CFGBlock CFGBuilder::VisitChildren(Stmt Terminator) {
CFGBlock *B = Block;
for (Stmt::child_iterator I = Terminator->child_begin(),
E = Terminator->child_end(); I != E; ++I) {

  • if (*I) B = Visit(*I);
  • if (*I) {
  • B = Visit(*I, ShouldTreatAsLValue(*I) ?
  • AddStmtChoice::AsLValueNotAlwaysAdd :
  • AddStmtChoice::NotAlwaysAdd);
  • }
    }
    return B;
    }

I think the motivation behind this change is right, but not the change itself.

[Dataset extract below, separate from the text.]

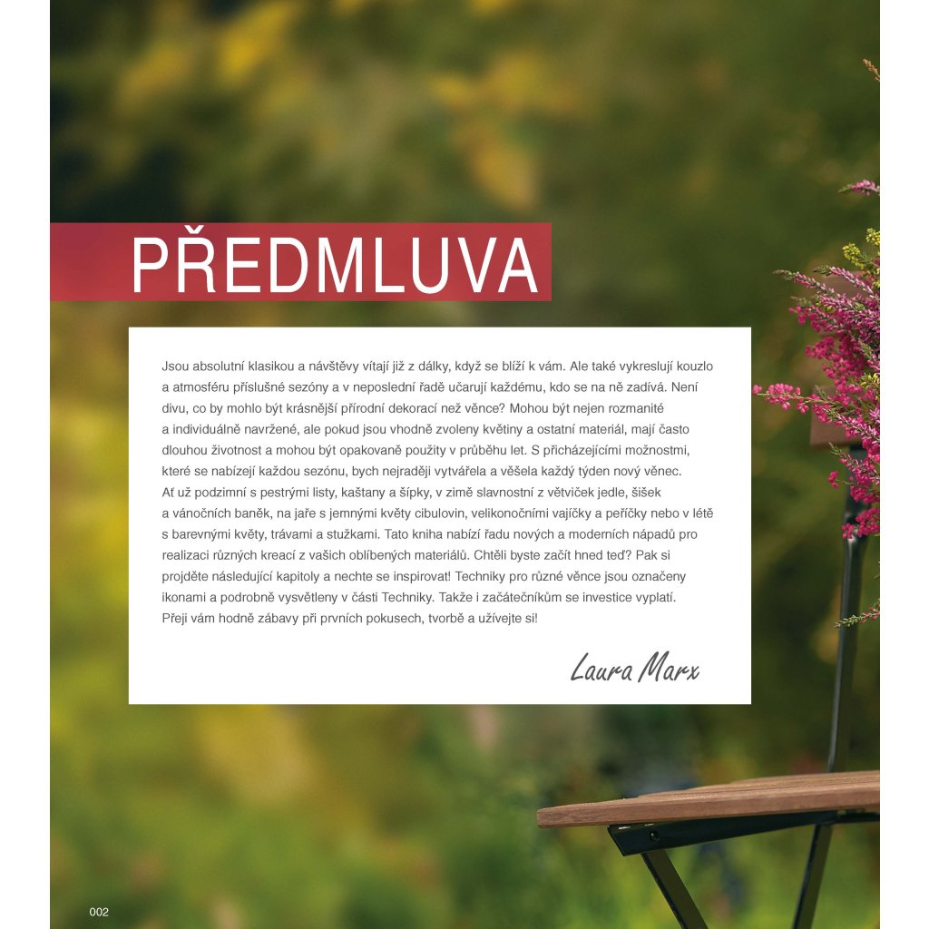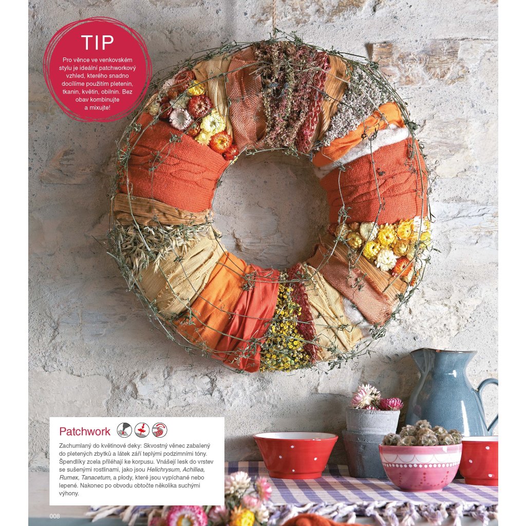 Věnec symbolizuje koloběh života, pospolitost a bezpečí rodinného kruhu, je součástí tradic, součástí oslav, radosti i naděje. Kniha nabízí mnoho nových a moderních nápadů pro realizaci různých kreací z rozličných materiálů, které najdete i v přírodě a na zahradě. Publikace je rozdělena tematicky dle ročních období. Detailní popisy technik jsou doplněny spoustou fotografií.

The problem with VisitChildren() is that it has no context of whether ‘Terminator’ (which is misnamed) expects the subexpression to be evaluated as an lvalue. Since your logic is specific to CallExpr, it really could just be sunk into processing of CallExpr itself. When the caller passses down ‘AsLValue’, it is indicating that the parent expects that the child is evaluated as an lvalue, but that’s based on the parent’s context. There is no such information here.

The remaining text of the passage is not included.